My fantasy campaigns tend to be low-magic, so priests capable of casting Resurrection tend to be on the rare side... and even if the PCs can find one, there's no guarantee that he or she will agree to do it...
Knightsky's Song Of The Moment - 2112 by Rush

Games for trade (RPG.net link)

Technicolor Dreamcoat

9 out of 10 times, I will refuse resurrection for my PC. The 10th time is when a GM really tries to make my character part of the campaign and not a random stand-in. Then, there's usually a reason to come back beyond "I want to kill the one that killed me", plus I "reward" the DM for his/her work.
Any dream will do

Technicolor Dreamcoat

Quote from: VarajReally ... my distaste for rez is speaking as a player.  As a GM I don't care.
Oh... ditto. Though I really like maddman's idea of re-phrasing death and resurrection to badly wounded, comatose and in need of powerful healing.
Any dream will do

Sigmund

I LOVE getting brought back to life! I think it rocks, and I get more and more happy every time it happens.
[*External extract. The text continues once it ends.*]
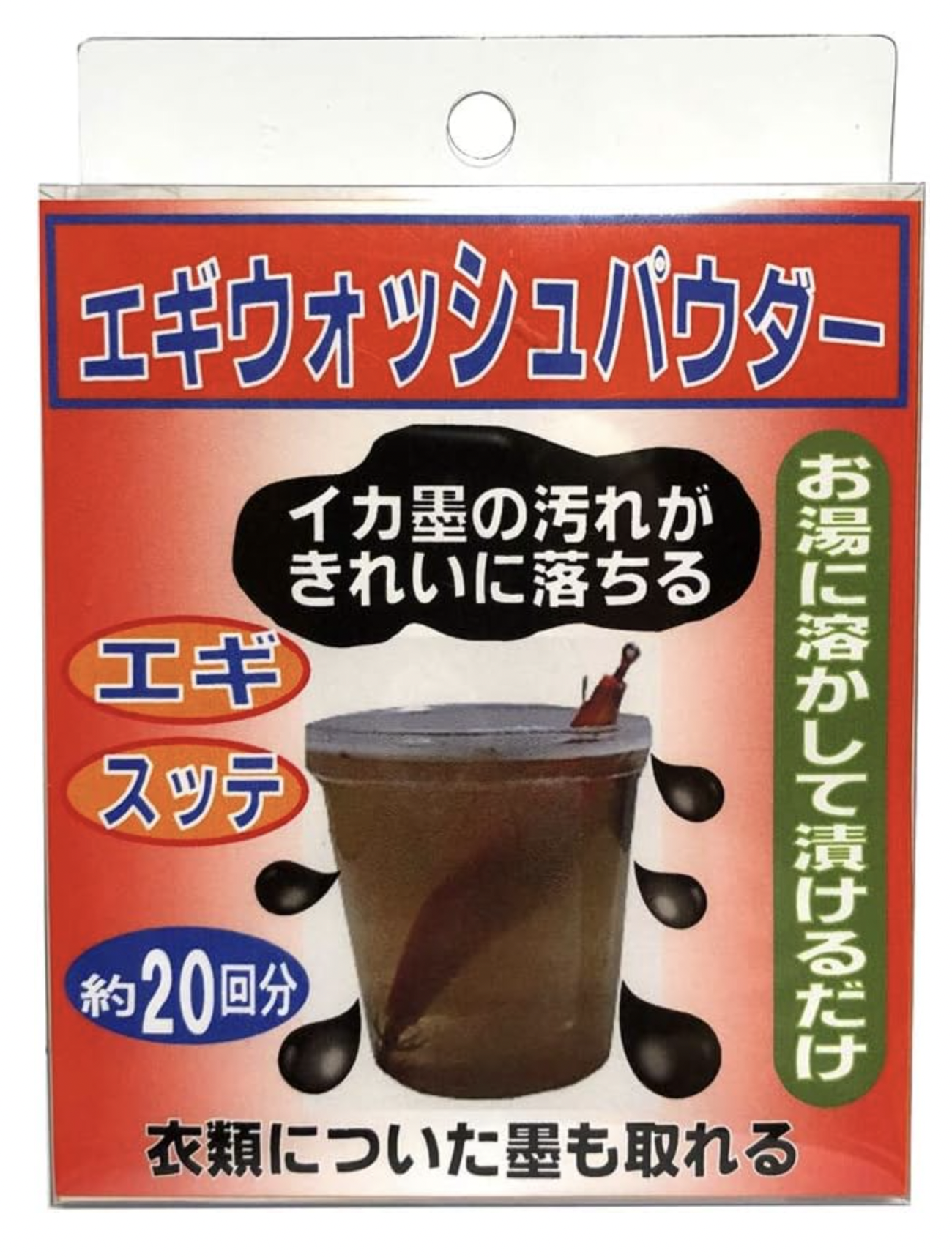昨年、Yさんのアオリイカにスミをかけられた時に、Yさんからいただいたエギウォッシュパウダーを使ってつけ置きしてみたら、綺麗にスミが取れた!

My characters like it too.  :pimpdahoe:
- Chris Sigmund

Old Loser

"I\'d rather be a killer than a victim."

Quote from: John Morrow;418271I role-play for the ride, not the destination.

King_Stannis

As a DM I fall mostly on the side of very rare resurrections. I may have allowed it once or twice in my years of running games. My feeling is that if PC's don't think that death is the "end", they could start playing sloppy and part of the danger the characters face is minimized.

I believe resurrections should only happen when it furthers the story - and it should be treated like the miracle it would be.